* Assignment *
Please repeat the entries below exactly as written, leaving out any images.

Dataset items

===

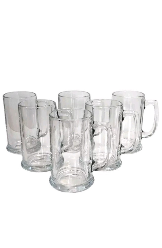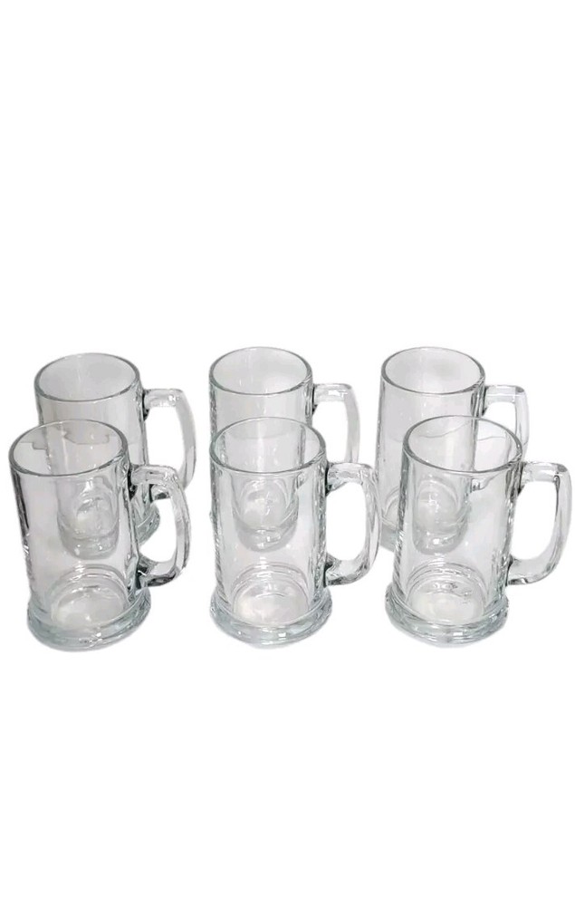 This Beer Mug Set includes six beer mugs with an approximate capacity of 12oz. Made of sturdy glass, these vintage-style mugs feature a classic beer mug design. Perfect for various occasions like bachelor parties, Christmas, & birthdays. These glasses are in excellent condition, very, very minor wear. There is no damage, such as chips, cracks, repairs, or heavy scratches. They all have a number & an L embossed on the bottom, for Libbey. These display beautifully & are 100 functional. This set will ship with immense care & fast! If you have any questions or would like more pictures of a certain angle I may have missed just reach out & I will reply promptly. Thank you!
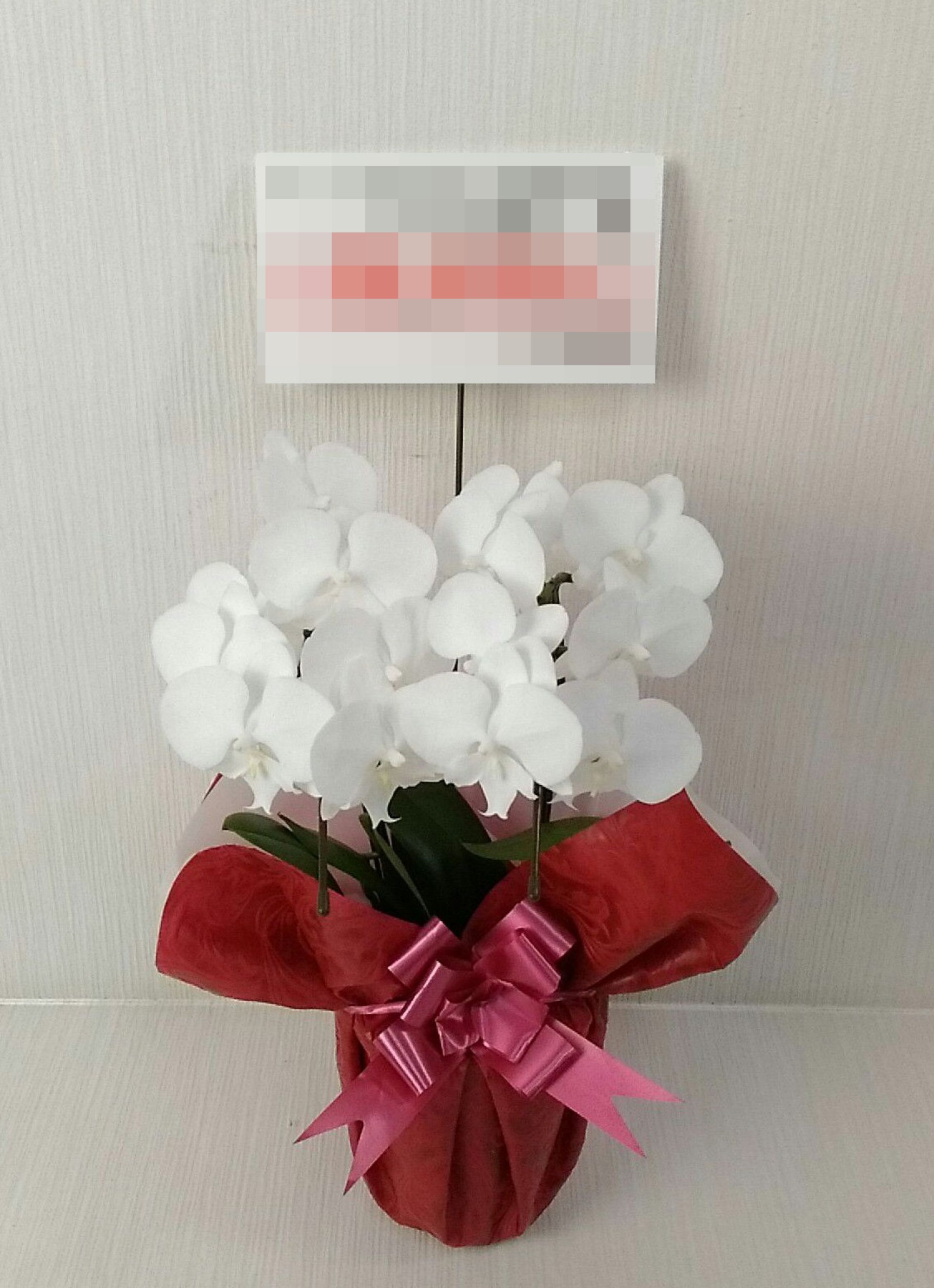 胡蝶蘭の実際にお届けした写真です。花秘書では発送前に写真をメールで送信致しますので安心して大切な顧客や取引様へのギフトにご利用頂けます。
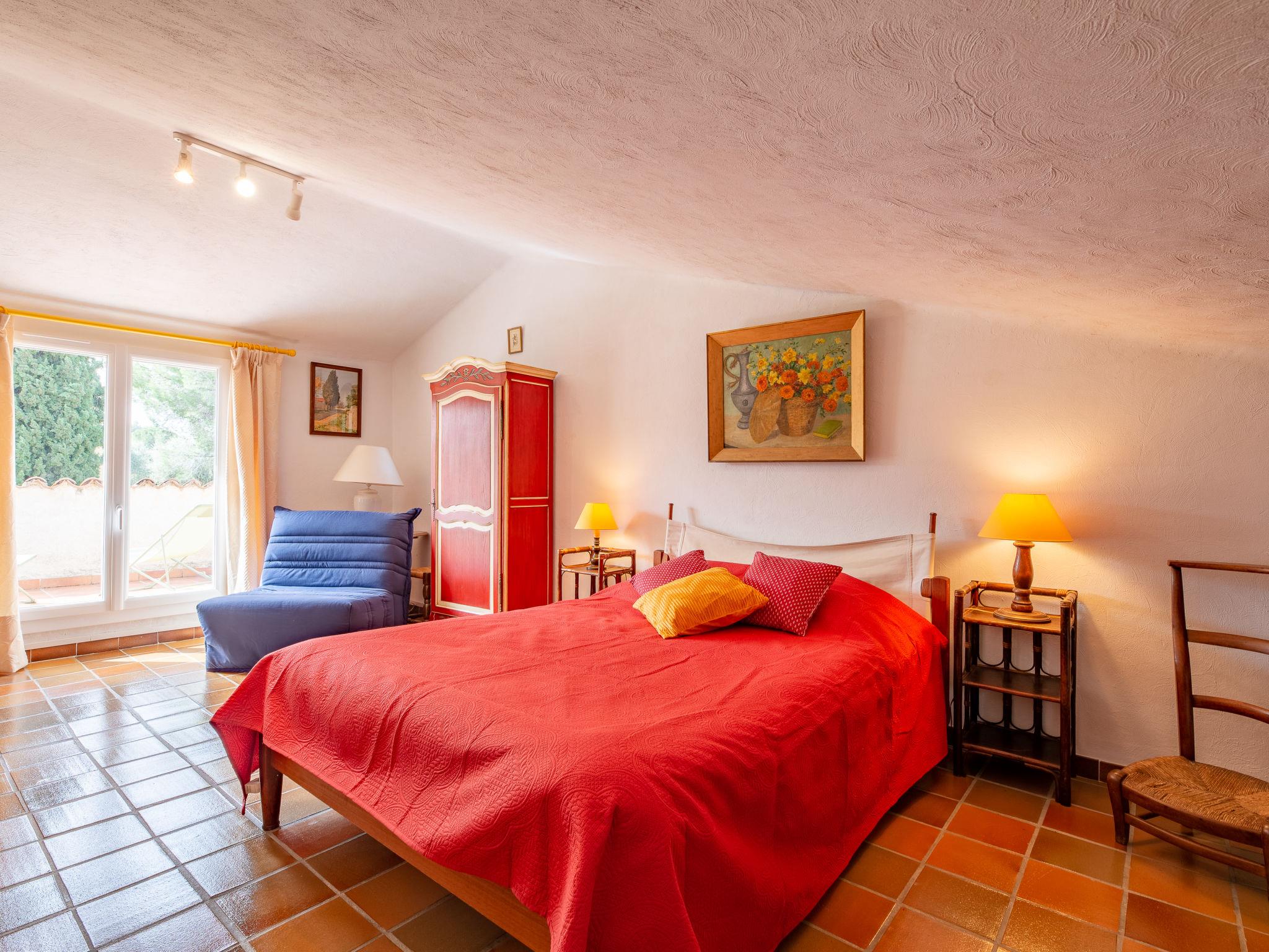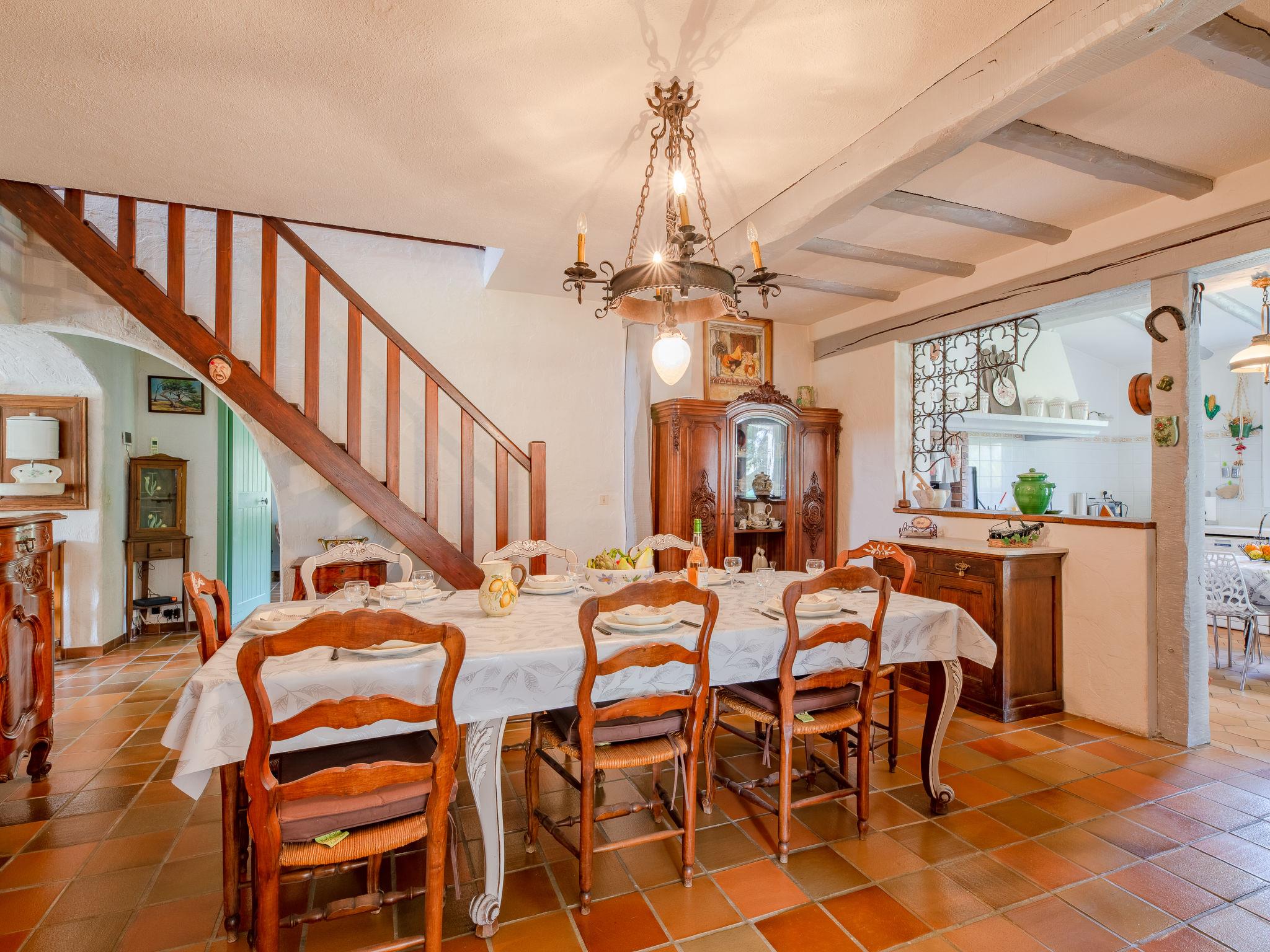 "La Palombière", 5-room house 145 m2. Romantic furnishings: living room with open-hearth fireplace (only for decoration). Exit to the garden. Living/dining room with TV and flat screen. 1 room with 1 french bed (160 cm, length 200 cm), fan and electric shutters. 1 room with 2 beds (80 cm, length 200 cm), TV, flat screen, fan and electric shutters. Open kitchen in the entrance (1 hot plate, oven, dishwasher, 3 gas rings, toaster, kettle, microwave, electric coffee machine). Exit to the terrace. Bath/WC, shower/WC. Upper floor: 1 room with 1 french bed (140 cm, length 190 cm), fan and electric shutters. Exit to the balcony. 1 room with 1 french bed (140 cm, length 190 cm), fan and electric shutters. Sep. WC. Gas heating. Large terrace 30 m2 partly roofed, south-east facing position. Terrace furniture, barbecue electric barbecue, deck chairs (8). Beautiful panoramic view of the countryside. Facilities: washing machine, mosquito net. Internet (WiFi). Please note: suitable for families. Non-smoking house. Maximum 1 pet/ dog allowed. Smoke alarm. Offer by a private individual according to Art. 155, IV of CGI. FR69662
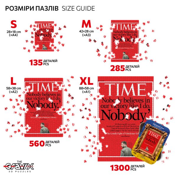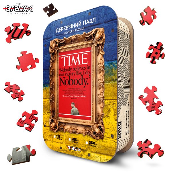 Обложка журнала TIME с Владимиром Зеленским и мощной цитатой “Nobody believes in our victory like I do. Nobody.” стала символом украинского духа по всему миру. Этот пазл — о храбрости, лидерстве и непоколебимой надежде.
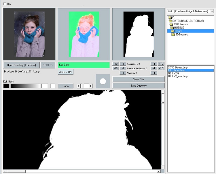 Dieses Programm erzeugt Freistell-Masken aus z.B. 3D Portrait Foto-Serien, die vor einfarbigem Hintergrund aufgenommen wurden. Schlüsselfarbe, Toleranz und Randübergänge sind einstellbar. Kleine Fehler können manuell ausgebessert werden.
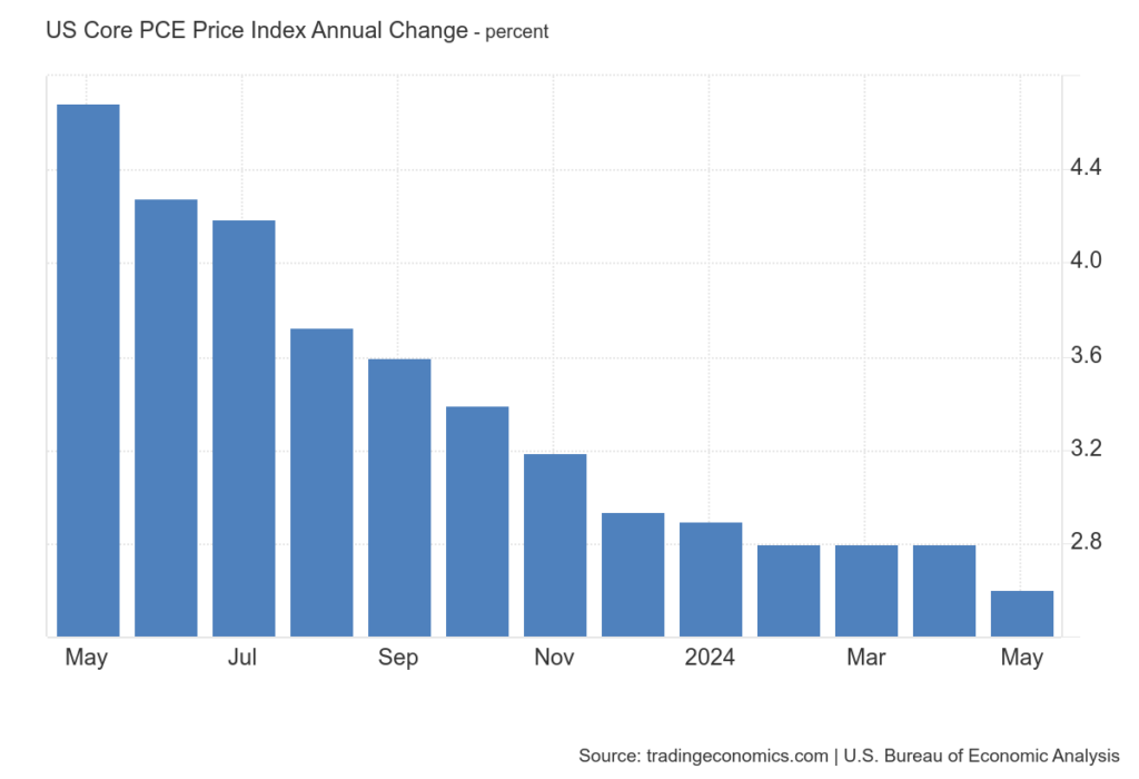 V medziročnom vyjadrení jadrová PCE inflácia v máji spomalila na 2,6 percenta z 2,8 percenta v predchádzajúcom období. Inflácia PCE tak dopadla veľmi dobre, nebol dôvod na paniku. Trhy znova oživili scenár, že nakoniec dôjde k mäkkému pristátiu.
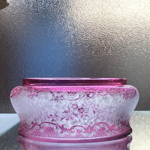 ご覧いただきましてありがとうございます。 オールドバカラBACCARATエグランティエEglantie パウダーケースの出品でございます。 ピンク色のエグランティエ(野ばら)が美しく、どの角度からも楽しめるようデザインされています。 柔らかな日差しを浴びて繊細で今にもこわれそうな フランスアンティークレースを思わせる 色被せクリスタルにエッチングでピンクの野ばらの模様を浮き彫りにし、残りの透明のクリスタルの部分に ミモザの葉の様な独特の模様を刻んでいるエグランティエ 熟練のグラス職人により大変な手間と時間をかけて作られたためとても希少であり、また貴重です。 大きなサイズのエグランティエの素敵な世界を 心ゆくまでお楽しみいただけます♡ 是非この機会にお手にとってじっくりご覧くださいませ☆ アンティーク品は一つ一つが手作りのため 個体差があります。 それぞれの個性豊かさから プロ職人の息遣いを感じることが できます。 ♪作品の詳細♪ こちらはアンティーク品であり、 割れ、かけはございませんが、 製造時についた気泡、よれ、拭き傷などある場合がございます。 縁に浅いチップがございます。(P.10上矢印) 経年によるスレ傷が底にございます。(P.10下) 写真でお確かめください。 艶のある美品です。 アンティーク品にご理解のある方のご入札をお待ちしております。 サイズ はおよそ高さ7cm幅16cm 1936年以前のお品です。バカラマークはございません。 ーーお知らせーー ⚫︎破損のないよう厳重な梱包でお送りしておりますので ご安心ください。 ⚫︎出品前に充分な検品を行なっておりますが、気になる点がありましたら、ご質問くださると 嬉しいです。 一度手にとってご覧になればきっと凜とした その美しさに魅了されるでしょう。 くつろぎのひとときをバカラと共にお過ごし下さいませ。 小物入れにも♡ 1900年頃 アール・ヌーヴォー期 他にも多数バカラ作品を出品しております。 是非ご覧ください。
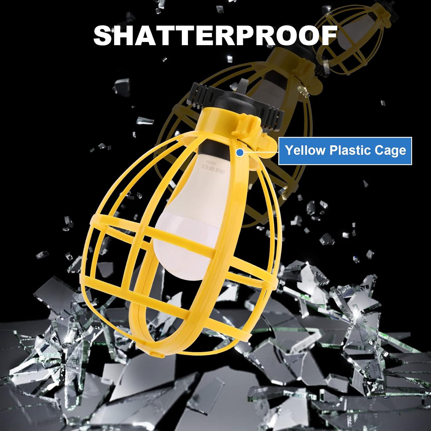 • 【Weatherproof & Commercial Grade】- Outdoor string lights are IP65 waterproof listed, the insulation material can protect the strand from sun, wind, rain, snow. 16AGW wire flexible heavy-duty and durable.Yellow plastic cage protects the bulb from damage.
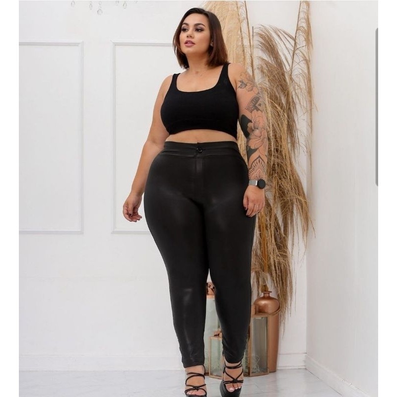 Calça Legging Cirrê Plus Size G1 G2 G3 Suplex Cós Alto Imita Couro Bilhoso Molhado Feminina

===

* Task result *
 This Beer Mug Set includes six beer mugs with an approximate capacity of 12oz. Made of sturdy glass, these vintage-style mugs feature a classic beer mug design. Perfect for various occasions like bachelor parties, Christmas, & birthdays. These glasses are in excellent condition, very, very minor wear. There is no damage, such as chips, cracks, repairs, or heavy scratches. They all have a number & an L embossed on the bottom, for Libbey. These display beautifully & are 100 functional. This set will ship with immense care & fast! If you have any questions or would like more pictures of a certain angle I may have missed just reach out & I will reply promptly. Thank you!
 胡蝶蘭の実際にお届けした写真です。花秘書では発送前に写真をメールで送信致しますので安心して大切な顧客や取引様へのギフトにご利用頂けます。
 "La Palombière", 5-room house 145 m2. Romantic furnishings: living room with open-hearth fireplace (only for decoration). Exit to the garden. Living/dining room with TV and flat screen. 1 room with 1 french bed (160 cm, length 200 cm), fan and electric shutters. 1 room with 2 beds (80 cm, length 200 cm), TV, flat screen, fan and electric shutters. Open kitchen in the entrance (1 hot plate, oven, dishwasher, 3 gas rings, toaster, kettle, microwave, electric coffee machine). Exit to the terrace. Bath/WC, shower/WC. Upper floor: 1 room with 1 french bed (140 cm, length 190 cm), fan and electric shutters. Exit to the balcony. 1 room with 1 french bed (140 cm, length 190 cm), fan and electric shutters. Sep. WC. Gas heating. Large terrace 30 m2 partly roofed, south-east facing position. Terrace furniture, barbecue electric barbecue, deck chairs (8). Beautiful panoramic view of the countryside. Facilities: washing machine, mosquito net. Internet (WiFi). Please note: suitable for families. Non-smoking house. Maximum 1 pet/ dog allowed. Smoke alarm. Offer by a private individual according to Art. 155, IV of CGI. FR69662
 Обложка журнала TIME с Владимиром Зеленским и мощной цитатой “Nobody believes in our victory like I do. Nobody.” стала символом украинского духа по всему миру. Этот пазл — о храбрости, лидерстве и непоколебимой надежде.
 Dieses Programm erzeugt Freistell-Masken aus z.B. 3D Portrait Foto-Serien, die vor einfarbigem Hintergrund aufgenommen wurden. Schlüsselfarbe, Toleranz und Randübergänge sind einstellbar. Kleine Fehler können manuell ausgebessert werden.
 V medziročnom vyjadrení jadrová PCE inflácia v máji spomalila na 2,6 percenta z 2,8 percenta v predchádzajúcom období. Inflácia PCE tak dopadla veľmi dobre, nebol dôvod na paniku. Trhy znova oživili scenár, že nakoniec dôjde k mäkkému pristátiu.
 ご覧いただきましてありがとうございます。 オールドバカラBACCARATエグランティエEglantie パウダーケースの出品でございます。 ピンク色のエグランティエ(野ばら)が美しく、どの角度からも楽しめるようデザインされています。 柔らかな日差しを浴びて繊細で今にもこわれそうな フランスアンティークレースを思わせる 色被せクリスタルにエッチングでピンクの野ばらの模様を浮き彫りにし、残りの透明のクリスタルの部分に ミモザの葉の様な独特の模様を刻んでいるエグランティエ 熟練のグラス職人により大変な手間と時間をかけて作られたためとても希少であり、また貴重です。 大きなサイズのエグランティエの素敵な世界を 心ゆくまでお楽しみいただけます♡ 是非この機会にお手にとってじっくりご覧くださいませ☆ アンティーク品は一つ一つが手作りのため 個体差があります。 それぞれの個性豊かさから プロ職人の息遣いを感じることが できます。 ♪作品の詳細♪ こちらはアンティーク品であり、 割れ、かけはございませんが、 製造時についた気泡、よれ、拭き傷などある場合がございます。 縁に浅いチップがございます。(P.10上矢印) 経年によるスレ傷が底にございます。(P.10下) 写真でお確かめください。 艶のある美品です。 アンティーク品にご理解のある方のご入札をお待ちしております。 サイズ はおよそ高さ7cm幅16cm 1936年以前のお品です。バカラマークはございません。 ーーお知らせーー ⚫︎破損のないよう厳重な梱包でお送りしておりますので ご安心ください。 ⚫︎出品前に充分な検品を行なっておりますが、気になる点がありましたら、ご質問くださると 嬉しいです。 一度手にとってご覧になればきっと凜とした その美しさに魅了されるでしょう。 くつろぎのひとときをバカラと共にお過ごし下さいませ。 小物入れにも♡ 1900年頃 アール・ヌーヴォー期 他にも多数バカラ作品を出品しております。 是非ご覧ください。
 • 【Weatherproof & Commercial Grade】- Outdoor string lights are IP65 waterproof listed, the insulation material can protect the strand from sun, wind, rain, snow. 16AGW wire flexible heavy-duty and durable.Yellow plastic cage protects the bulb from damage.
 Calça Legging Cirrê Plus Size G1 G2 G3 Suplex Cós Alto Imita Couro Bilhoso Molhado Feminina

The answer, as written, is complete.